**Task to complete**
This task calls for the lines below starting at the one containing "Na ahiret preselila" and ending at the one containing "توب يومي ناعم", repeated exactly with both ends kept and pictures left out.

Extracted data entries
_ _ _ _
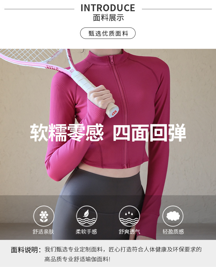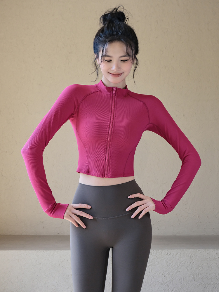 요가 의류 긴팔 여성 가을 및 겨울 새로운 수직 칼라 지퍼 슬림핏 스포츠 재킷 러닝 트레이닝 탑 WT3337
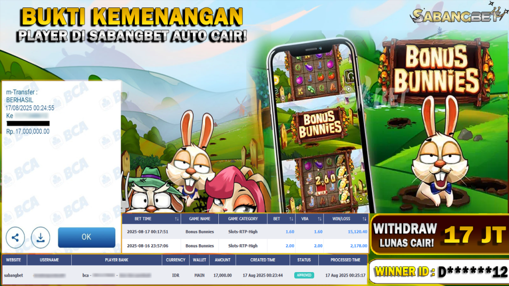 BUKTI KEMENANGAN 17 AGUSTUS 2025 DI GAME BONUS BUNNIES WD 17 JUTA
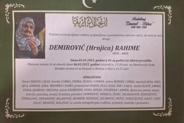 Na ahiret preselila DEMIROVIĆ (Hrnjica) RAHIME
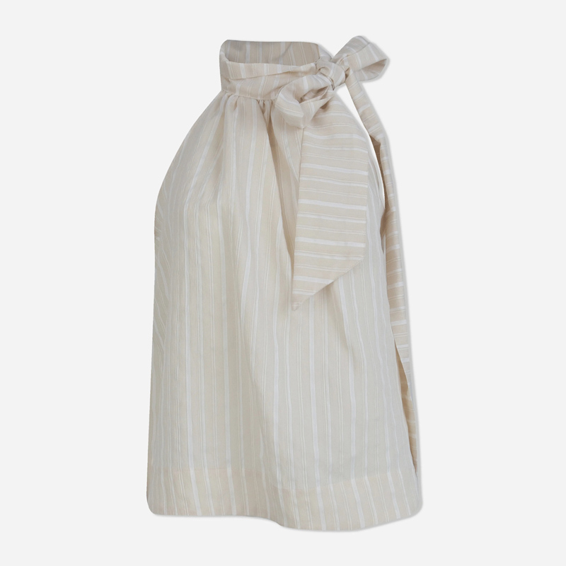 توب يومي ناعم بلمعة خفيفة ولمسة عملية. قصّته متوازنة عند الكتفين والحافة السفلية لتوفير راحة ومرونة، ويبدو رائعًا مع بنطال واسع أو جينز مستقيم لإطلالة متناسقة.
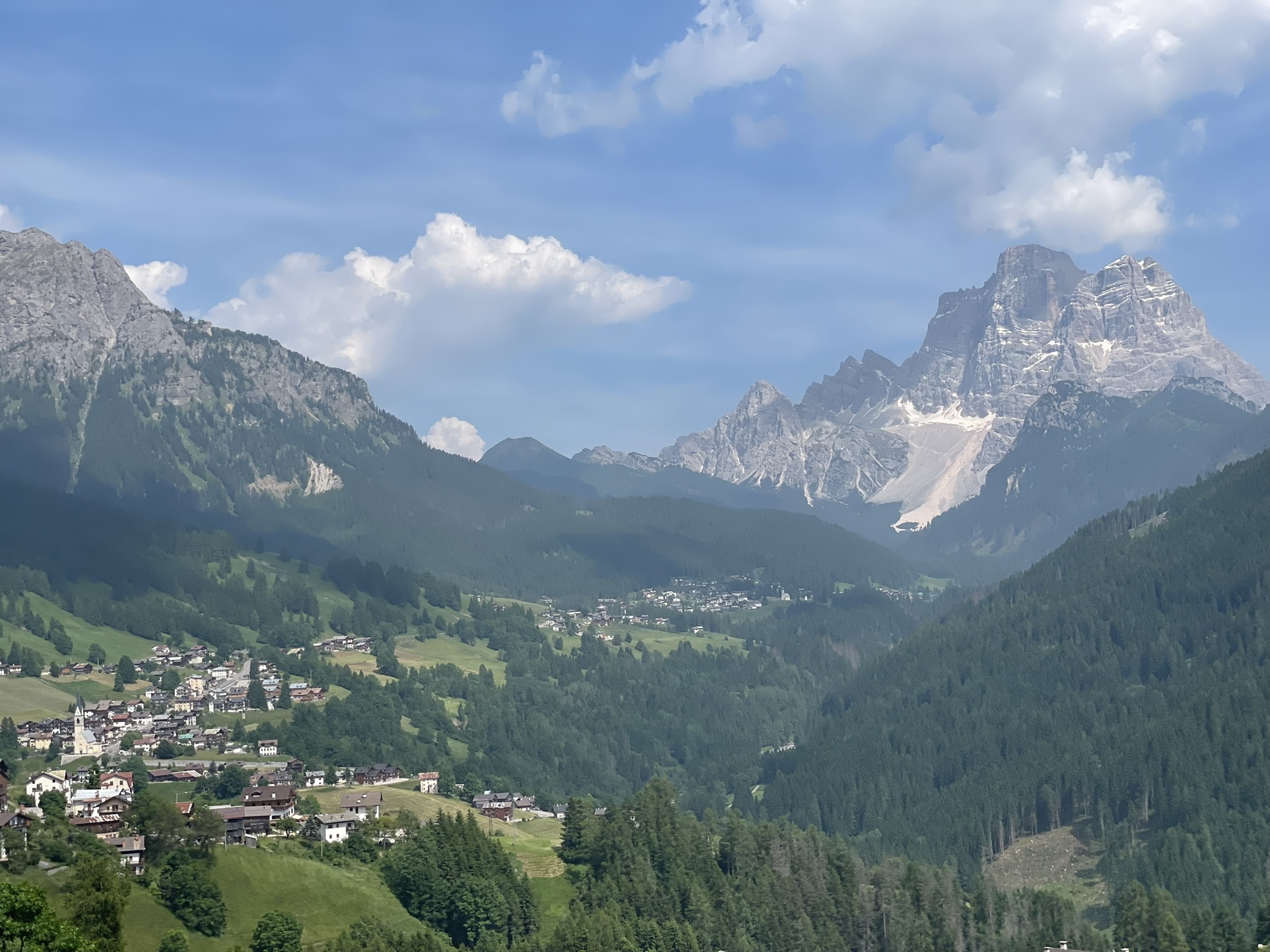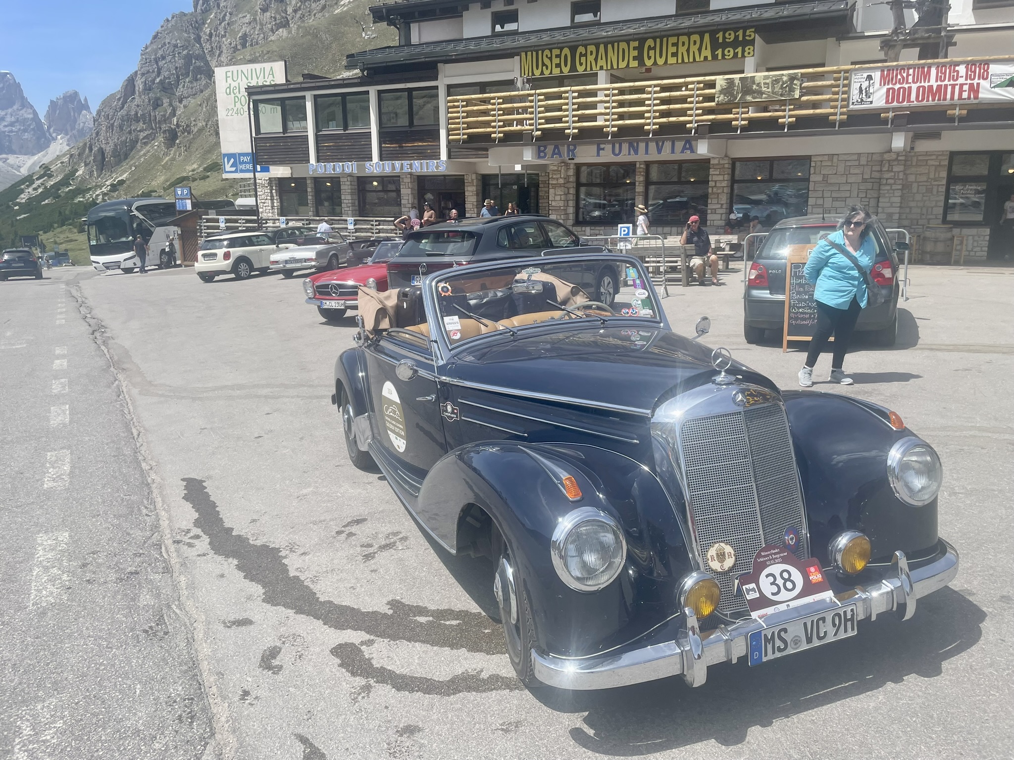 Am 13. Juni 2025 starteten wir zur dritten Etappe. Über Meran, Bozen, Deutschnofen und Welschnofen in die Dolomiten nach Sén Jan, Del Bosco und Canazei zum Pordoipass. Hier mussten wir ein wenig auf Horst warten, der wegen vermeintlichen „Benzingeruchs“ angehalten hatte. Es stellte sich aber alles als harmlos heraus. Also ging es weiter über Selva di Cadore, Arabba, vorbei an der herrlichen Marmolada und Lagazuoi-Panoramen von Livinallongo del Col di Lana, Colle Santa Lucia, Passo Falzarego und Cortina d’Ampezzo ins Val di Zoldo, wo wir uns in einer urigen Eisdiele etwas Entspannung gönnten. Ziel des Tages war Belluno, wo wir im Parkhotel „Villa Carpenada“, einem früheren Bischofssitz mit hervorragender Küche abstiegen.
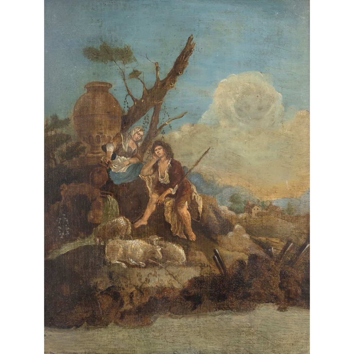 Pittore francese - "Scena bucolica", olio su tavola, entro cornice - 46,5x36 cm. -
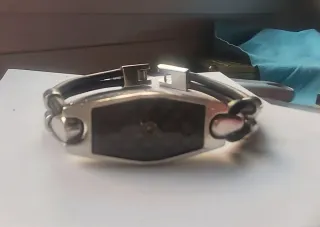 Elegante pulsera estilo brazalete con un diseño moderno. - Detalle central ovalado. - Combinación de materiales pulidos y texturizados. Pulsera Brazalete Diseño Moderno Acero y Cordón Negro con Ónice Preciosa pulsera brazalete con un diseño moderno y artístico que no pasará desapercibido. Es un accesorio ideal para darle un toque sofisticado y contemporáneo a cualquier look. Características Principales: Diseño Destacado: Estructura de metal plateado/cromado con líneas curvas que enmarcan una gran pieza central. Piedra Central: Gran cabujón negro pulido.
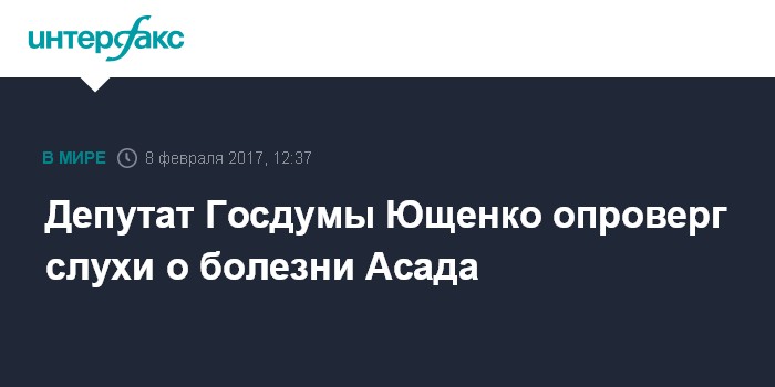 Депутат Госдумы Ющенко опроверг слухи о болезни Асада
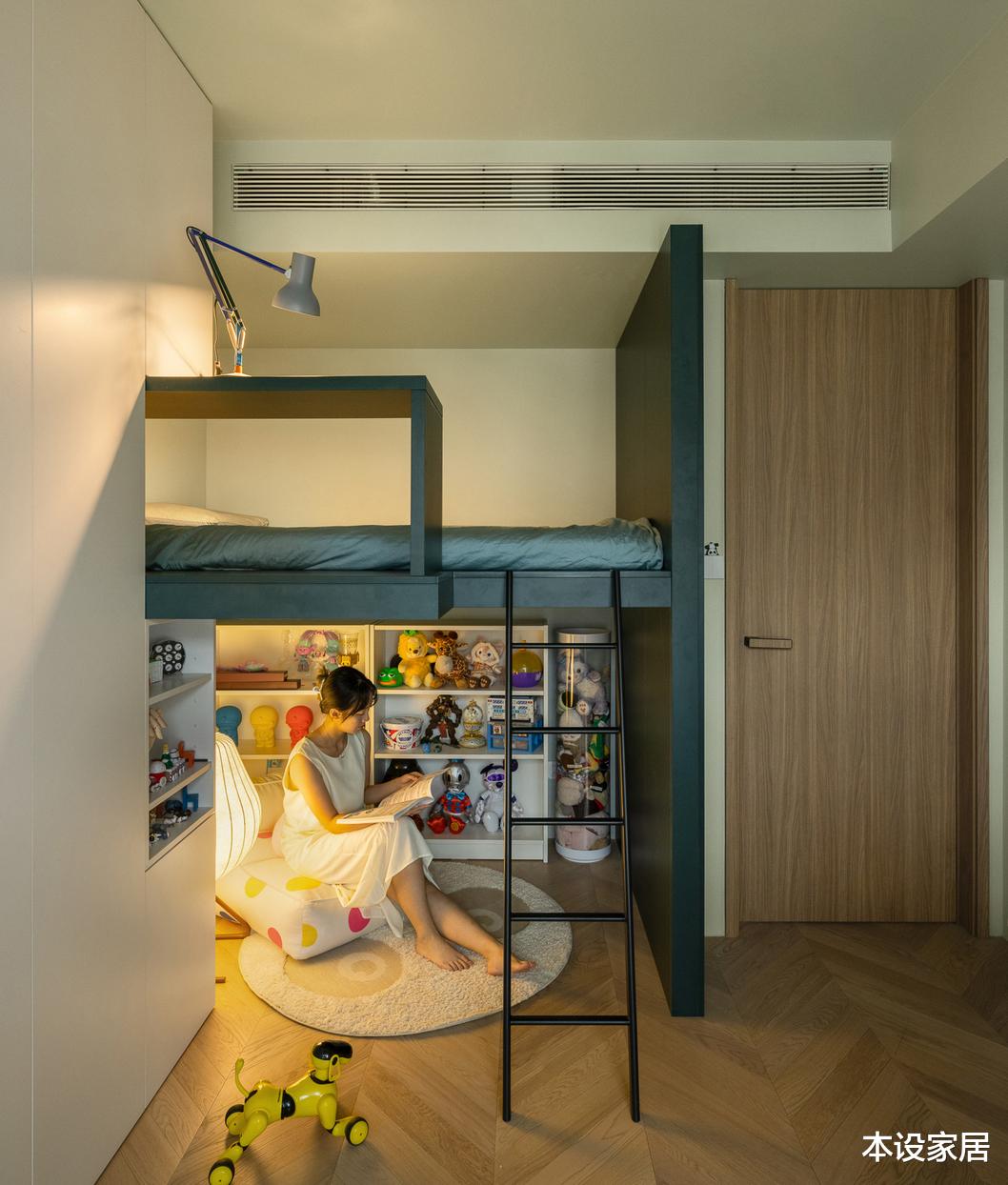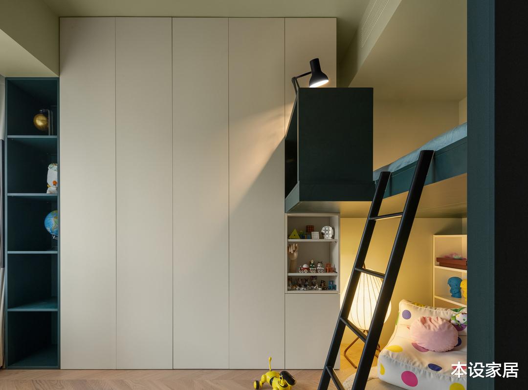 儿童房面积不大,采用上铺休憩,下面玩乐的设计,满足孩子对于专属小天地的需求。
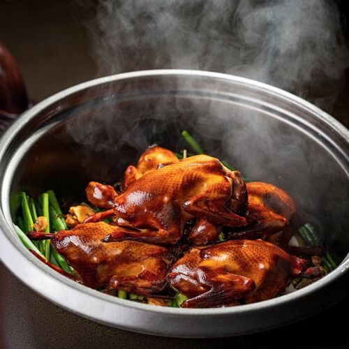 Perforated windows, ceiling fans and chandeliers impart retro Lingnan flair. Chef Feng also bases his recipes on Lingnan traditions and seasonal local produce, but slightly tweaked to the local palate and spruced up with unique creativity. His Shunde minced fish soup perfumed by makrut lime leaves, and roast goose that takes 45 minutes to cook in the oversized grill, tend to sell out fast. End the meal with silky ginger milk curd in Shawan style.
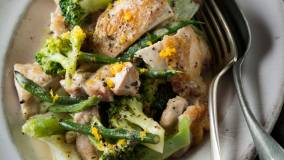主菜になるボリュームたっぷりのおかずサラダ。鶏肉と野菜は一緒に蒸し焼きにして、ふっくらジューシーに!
_ _ _ _
**Your response**
 Na ahiret preselila DEMIROVIĆ (Hrnjica) RAHIME
 توب يومي ناعم بلمعة خفيفة ولمسة عملية. قصّته متوازنة عند الكتفين والحافة السفلية لتوفير راحة ومرونة، ويبدو رائعًا مع بنطال واسع أو جينز مستقيم لإطلالة متناسقة.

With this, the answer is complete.